In order to determine the orientation of a carrier, in particular in order to navigate an airplane, it is known that an inertial device can be used that comprises one or more axially symmetrical vibrating sensors, each making use of a resonator possessing symmetry of order equal to or greater than 4 and implementing two degenerate modes of vibration that are identical and orthogonal, having an elastic line that possesses periodicity of order n relative to the axis of symmetry, i.e. an elastic line having n times the same vibration pattern over one revolution around the axis of symmetry. In particular, it is known to use sensors of order 2 such as hemispherical bell vibrating sensors including an appropriate number of electrodes, or quapasons for which the vibration orientations of the two modes are not geometrically orthogonal but are modally orthogonal, i.e. modally offset by π.
It is also known that an axially symmetrical vibrating sensor is adapted to operate in free gyro mode or in rate gyro mode. In free gyro mode the vibration is sustained, but its position is left free; when the orientation of the carrier varies, the position of the vibration relative to its base is representative of the angle through which the carrier has turned.

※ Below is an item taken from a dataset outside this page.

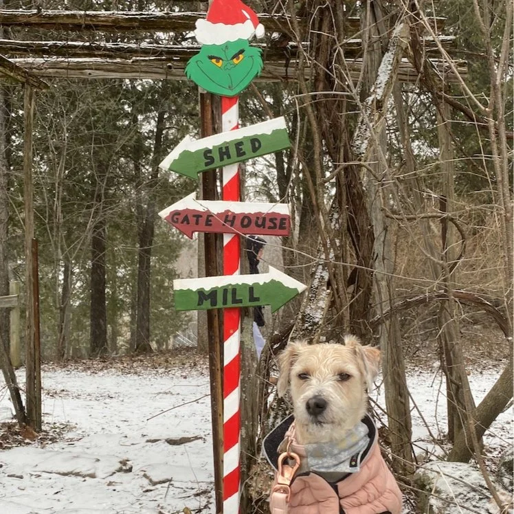 Almonte Town Next we visited Almonte, which has served as the filming location for multiple Hallmark Christmas movies. I was so thankful it had snowed to really bring this to life! First we visited a Christmas Craft fair in the Almonte Square shopping plaza off Ottawa Street, a bit outside the centre of town. Rita was allowed in as there was a Pet Valu in the shopping plaza, and by association was allowed in the plaza! Lucky for her, there were a couple of doggy stalls. She particularly loved her new bandana from Chic Companion. I was more pleased with my purchase of body butter from Naturelle, and the stall owner here really loved Rita too!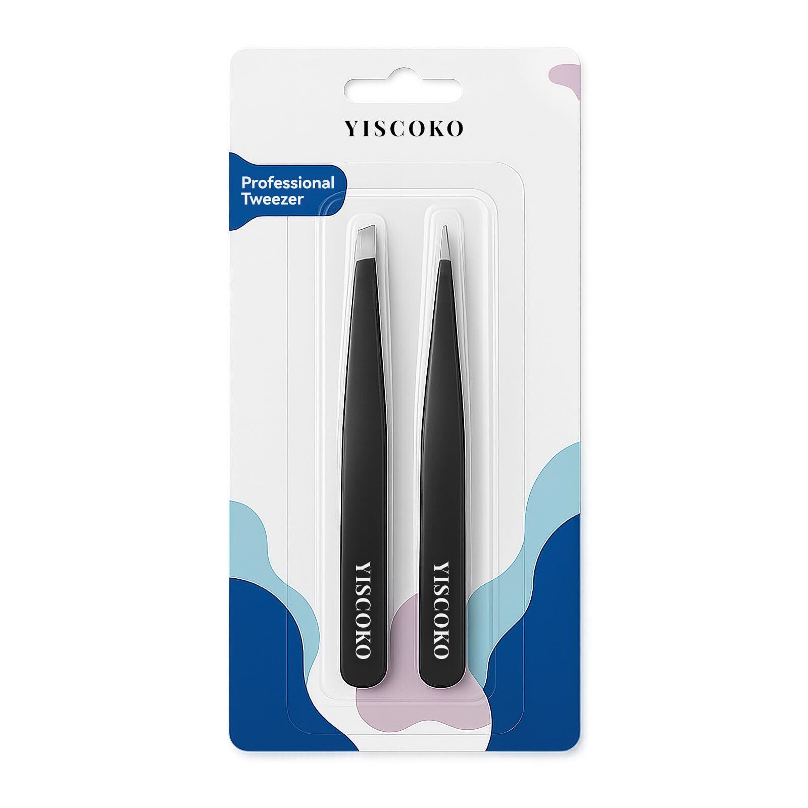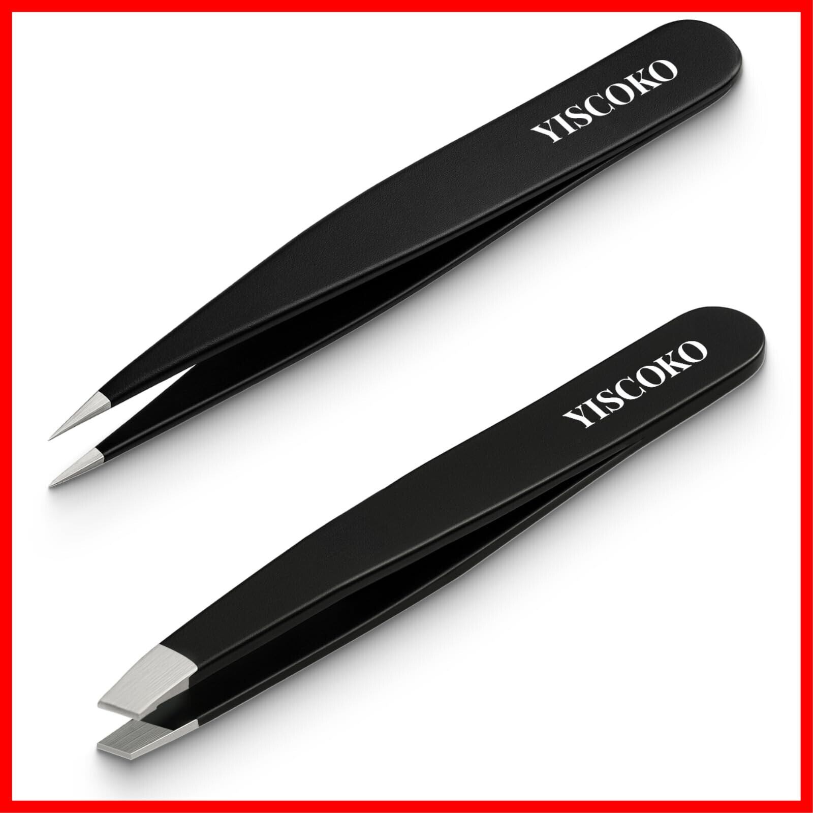 YISCOKO プロ仕様 毛抜き フェイシャルヘア用 女性、ステンレススチール製眉毛ツイーザー (2本入り、ブラック)

In rate gyro mode, the vibration is sustained and its position relative to its base is kept constant by delivering suitable electronic commands; the values of said commands are then representative of the speed or rate of rotation of the carrier in inertial space.
It is also known that vibrating gyros present a drift error that is manifested when the gyro is operating in free gyro mode by variation in the position of the vibration even when the carrier is not subject to any rotation. This drift has two components, a constant component, which for a hemispherical resonant gyro is of the order of a few hundredths of a degree per hour, and a component known as alternating drift that is made up of harmonics, mainly a harmonic having the same order n as the vibrating sensor and a harmonic of order twice that of the vibrating sensor, depending on the position of the vibration. With a hemispherical resonator gyro, the harmonic of order n gives rise to a drift error of the order of one degree of per hour and the harmonic of the order 2n gives rise to a drift error of the order of one-tenth of a degree per hour.
It is known to calibrate gyros in a workshop and to draw up correction tables that can be applied while the gyro is in use. Nevertheless, drift error is not only a function of the position of the vibration, but also a function of ambient temperature and of the aging of the gyro. In practice, possibilities for correction are therefore limited.